Would like to read zip file directly from web

D

ducnbyu

Hi all,

There is a set of zip files available on the Web via http (also
available via ftp) for public consuption that I would like to
programmatically read directly without having to download to local
storage first. For productivity reasons as well as reduction of
consumption/maintenance of local storage as some of them are quite
large.

This is basically what I tried (all of the below tried with http with
same results)...

1) ZipFile zf = new ZipFile("ftp://...");
result: ZipException "The filename, directory name, or volume label
syntax is incorrect"

2) ZipFile zf = new ZipFile(new File(new URI("ftp://...")));
result: File constructor throws IllegalArgumentException "URI Scheme is
not file"
Seems ZipFile constructors only take a string or File and File
apparently only takes URI's that resolve to "local" paths.
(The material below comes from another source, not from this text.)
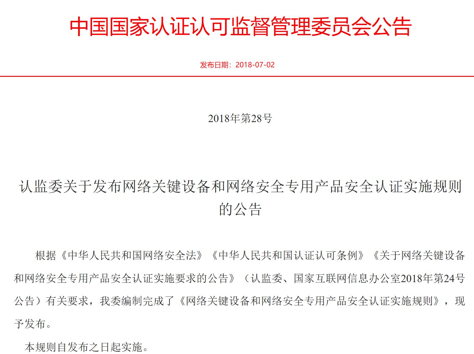 2018年7月2日,中国国家认证认可监督管理委员会发布了2018年第28号公告即《认监委关于发布网络关键设备和网络安全专用产品安全认证实施规则的公告》。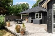 The holiday home is located on a 1164 m2 plot, with plenty of space for activities on the large lawn which is surrounded by large shrubs and trees.

3) is = new ZipInputStream((new URL("ftp://...")).openStream());
result: IOException UnknownHostException... "www.xyz.abc"

4) is = new ZipInputStream((new URL("ftp://...")).openConnection(new
Proxy(Proxy.Type.HTTP, new InetSocketAddress("<proxy host from my
IExplorer>", <port number from my IE>) )).getInputStream());
result: IOException FileNotFound... "ftp://..." (This exception occurs
faster, in debug mode, than the others if that's useful.)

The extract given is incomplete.